The two instances obviously only use less memory when serializing lazy
data. I guess the lesson here (if there is any) is to avoid data
structures that uses 40 bytes per entry when storing objects in the
millions.
import Data.Binary
import qualified Data.Binary.Put as B
import qualified Data.ByteString.Lazy as BS
import Control.Monad
newtype ChunkedList a = ChunkedList [a]
instance Binary a ⇒ Binary (ChunkedList a) where
put (ChunkedList lst)
= worker (toChunks lst)
where worker [] = do putWord8 0
worker (x:xs) = do putWord8 1
put x
worker xs
get = liftM ChunkedList worker
where worker = do n ← getWord8
if n == 0
then do return []
else do liftM2 (:) get worker
toChunks ∷ [a] → [[a]]
toChunks [] = []
toChunks lst = take n lst : toChunks (drop n lst)
where n = 1024
newtype StrictList a = StrictList [a]
instance Binary a ⇒ Binary (StrictList a) where
put (StrictList lst)
= do let (len,bs) = B.runPutM (builder 0 lst)

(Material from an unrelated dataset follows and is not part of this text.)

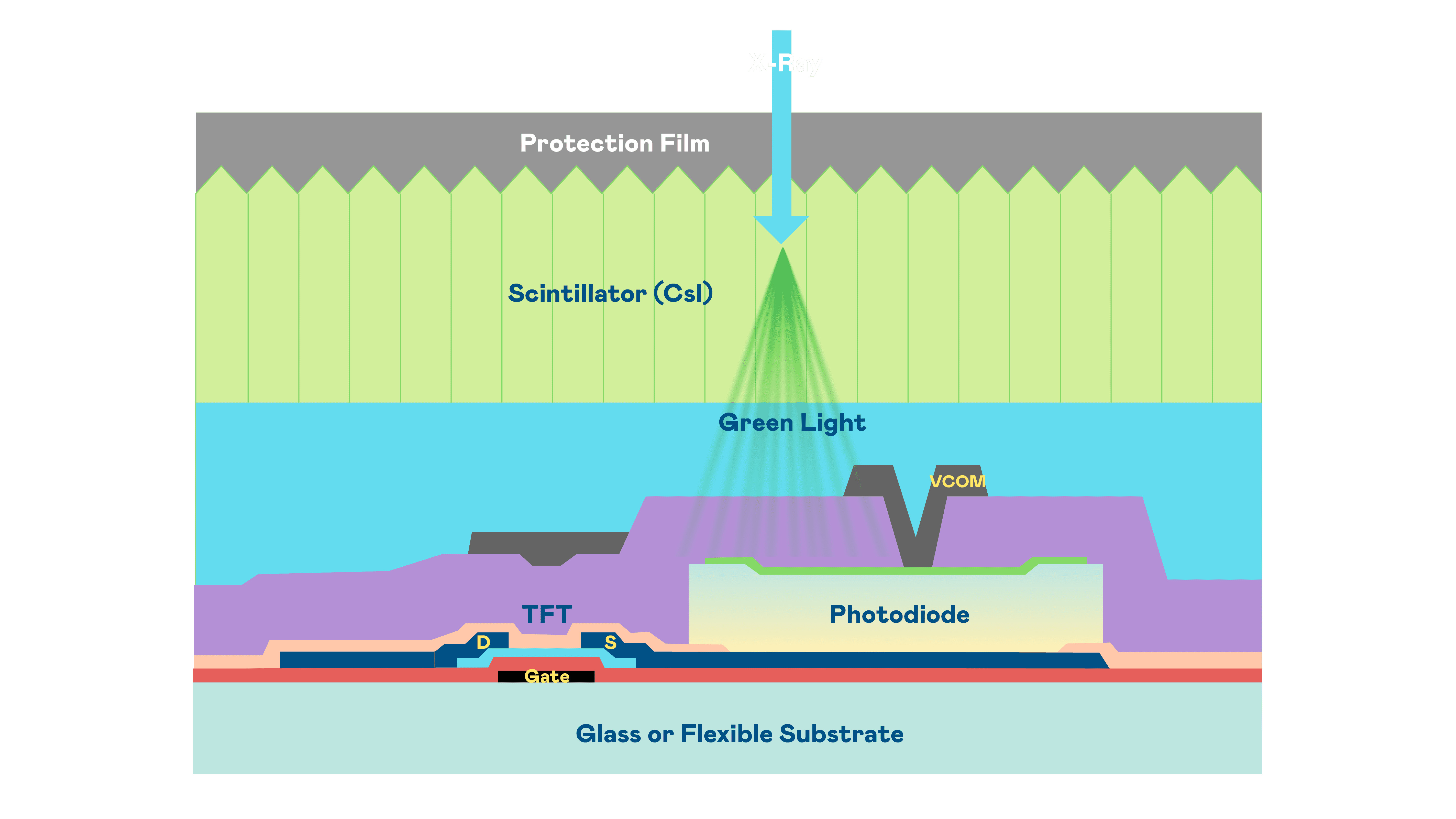 财神娱乐的X光影像感测阵列使用薄膜电晶体 (TFT) 作为每个像素的读取开关,,搭配光电二极体(Photodiode)的光电转换元件,,,,用以感测X光影像讯号。。。。

BS.length bs `seq` put len >> B.putLazyByteString bs
where builder !n [] = return n
builder !n (x:xs) = do put x
builder (n+1 ∷ Int) xs
get = liftM StrictList get
--
Cheers,
Lemmih
I'm happy to change the implementation of [a] serialization (as long as
we prefer on-disk format), or to add a chunked list newtype, since that
seems to be useful too.
-- Don
> I'm happy to change the implementation of [a] serialization (as long
> as we prefer on-disk format), or to add a chunked list newtype, since
> that seems to be useful too.
+1 for the newtype, changing the default list encoding will cause
headaches for people who use binary.
G.
--
Gregory Collins <gr...@gregorycollins.net>
Yeah, I agree. Of course the next question is whether we should
change IxSet to use the chunked list or create something like
Happstack.Data.IxSet.Chunked.
I have wanted this exact feature as well. For IxSet, you'd want to
see both the number of items and the total memory allocated for the
whole set. This would help in estimating the relationship between
number of items, number of indexes, and total size. The problem is
that I have no idea if such a thing is possible, let alone how you
might go about implementing it if it was.
Isn't heap profiling an option?
--
Cheers,
Lemmih
Yes, seems like a good case for heap profiling (with the per-type option
set, so allocs are broken down by type).
-- Don
Ok, I'll try this. I've done some heap profiling before, but maybe I
just wasn't using the right options.
I wrote about it here,
http://book.realworldhaskell.org/read/profiling-and-optimization.html#id678078
with some examples.